Record extracts START
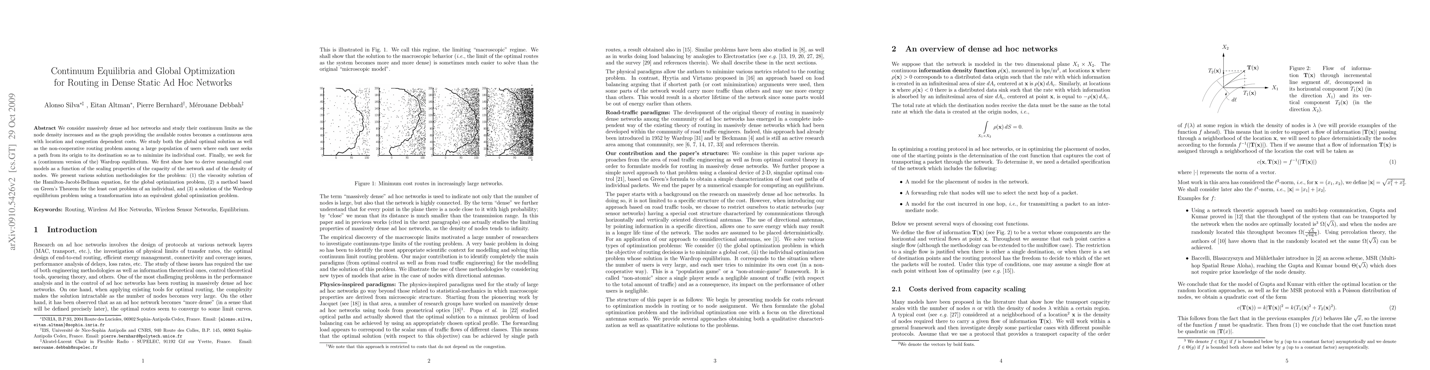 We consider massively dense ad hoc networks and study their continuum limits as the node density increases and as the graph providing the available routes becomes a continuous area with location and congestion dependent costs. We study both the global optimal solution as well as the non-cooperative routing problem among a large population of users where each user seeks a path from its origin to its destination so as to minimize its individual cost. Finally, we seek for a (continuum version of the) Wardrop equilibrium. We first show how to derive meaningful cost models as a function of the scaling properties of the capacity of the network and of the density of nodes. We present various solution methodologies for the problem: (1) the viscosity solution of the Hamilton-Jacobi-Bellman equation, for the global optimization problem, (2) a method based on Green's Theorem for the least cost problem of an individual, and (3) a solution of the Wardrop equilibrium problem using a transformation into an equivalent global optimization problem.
Record extracts END
Record extracts START
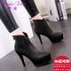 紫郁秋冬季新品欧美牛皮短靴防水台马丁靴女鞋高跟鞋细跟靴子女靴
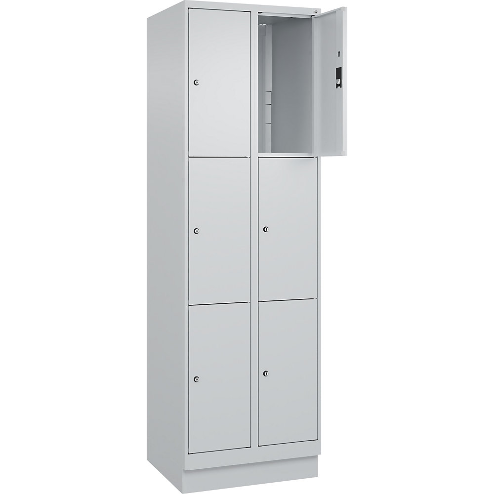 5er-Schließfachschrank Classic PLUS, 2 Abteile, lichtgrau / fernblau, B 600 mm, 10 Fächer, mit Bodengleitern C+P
Record extracts END
Using the data above, copy exactly the lines from the one containing "紫郁秋冬季新品欧美牛皮短靴防水台马丁靴女鞋高跟鞋细跟靴子女靴" to the one containing "5er-Schließfachschrank Classic PLUS, 2", inclusive. Exclude the pictures.

Answer box
 紫郁秋冬季新品欧美牛皮短靴防水台马丁靴女鞋高跟鞋细跟靴子女靴
 5er-Schließfachschrank Classic PLUS, 2 Abteile, lichtgrau / fernblau, B 600 mm, 10 Fächer, mit Bodengleitern C+P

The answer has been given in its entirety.